Aim of the exercise - Transcribe only the lines in the data below falling between the line with "This finger ring" and the line with "В готовый салат", including those two lines, and leave out any picture.

Material provided -

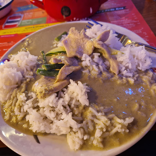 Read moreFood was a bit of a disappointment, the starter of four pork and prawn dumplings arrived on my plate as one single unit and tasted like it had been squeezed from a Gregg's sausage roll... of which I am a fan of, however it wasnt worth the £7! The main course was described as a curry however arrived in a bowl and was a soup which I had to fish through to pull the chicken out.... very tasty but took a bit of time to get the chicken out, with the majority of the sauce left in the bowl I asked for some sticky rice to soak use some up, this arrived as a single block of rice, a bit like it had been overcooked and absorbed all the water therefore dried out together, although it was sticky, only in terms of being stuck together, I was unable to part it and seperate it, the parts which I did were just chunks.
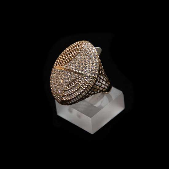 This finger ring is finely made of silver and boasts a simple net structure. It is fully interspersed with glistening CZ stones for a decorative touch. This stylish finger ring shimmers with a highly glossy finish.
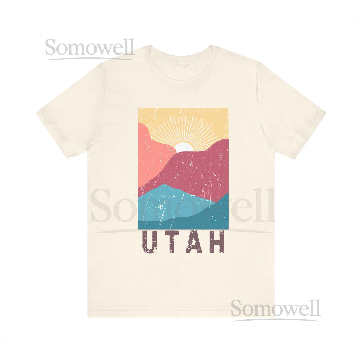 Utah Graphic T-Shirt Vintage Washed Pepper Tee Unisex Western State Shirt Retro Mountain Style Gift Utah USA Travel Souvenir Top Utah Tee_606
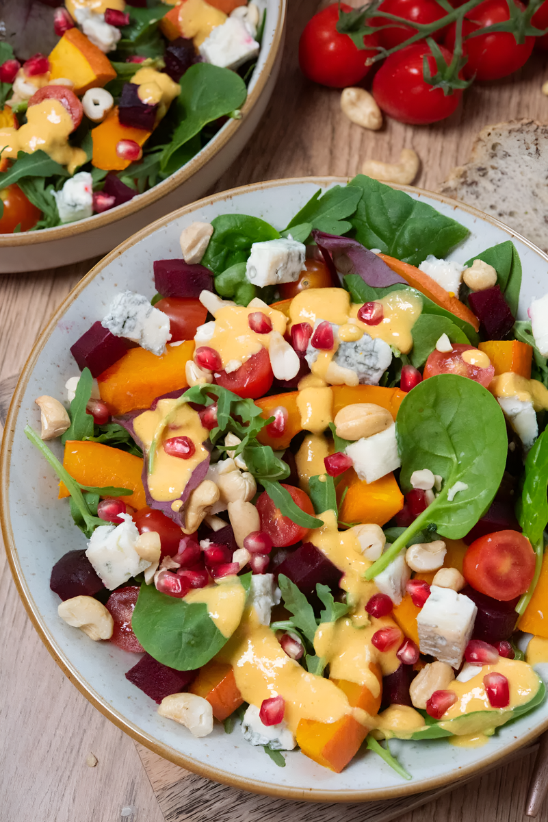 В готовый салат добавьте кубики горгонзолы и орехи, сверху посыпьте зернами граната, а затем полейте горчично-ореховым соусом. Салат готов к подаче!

--

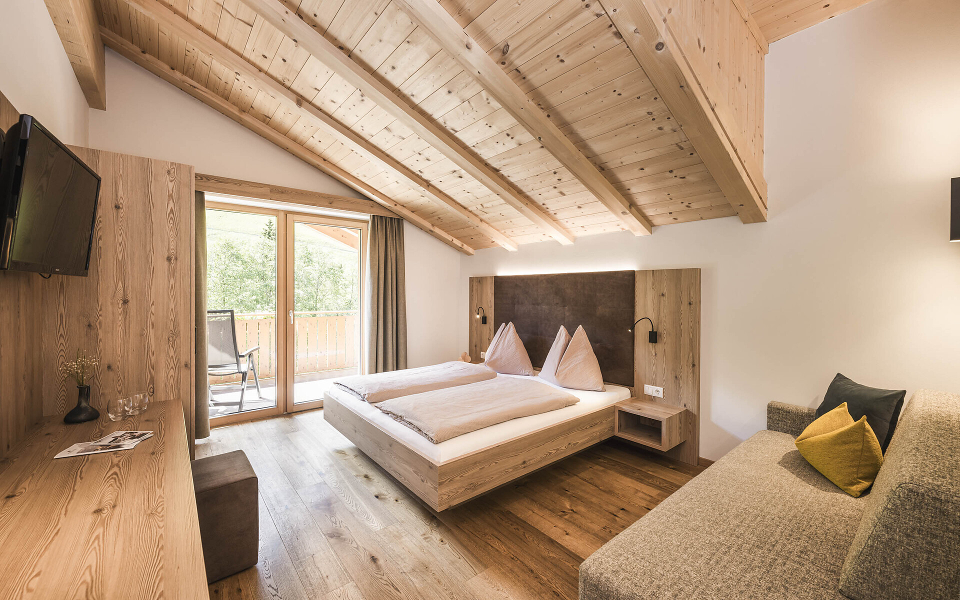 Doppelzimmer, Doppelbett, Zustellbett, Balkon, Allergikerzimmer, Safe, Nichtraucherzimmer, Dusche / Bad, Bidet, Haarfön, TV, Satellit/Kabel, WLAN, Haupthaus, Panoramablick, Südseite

--

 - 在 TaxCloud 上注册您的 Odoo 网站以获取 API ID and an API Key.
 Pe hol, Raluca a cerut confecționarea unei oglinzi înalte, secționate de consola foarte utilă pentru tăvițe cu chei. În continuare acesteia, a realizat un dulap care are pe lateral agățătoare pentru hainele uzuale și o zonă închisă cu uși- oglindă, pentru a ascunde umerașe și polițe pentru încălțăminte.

Written answer -
 This finger ring is finely made of silver and boasts a simple net structure. It is fully interspersed with glistening CZ stones for a decorative touch. This stylish finger ring shimmers with a highly glossy finish.
 Utah Graphic T-Shirt Vintage Washed Pepper Tee Unisex Western State Shirt Retro Mountain Style Gift Utah USA Travel Souvenir Top Utah Tee_606
 В готовый салат добавьте кубики горгонзолы и орехи, сверху посыпьте зернами граната, а затем полейте горчично-ореховым соусом. Салат готов к подаче!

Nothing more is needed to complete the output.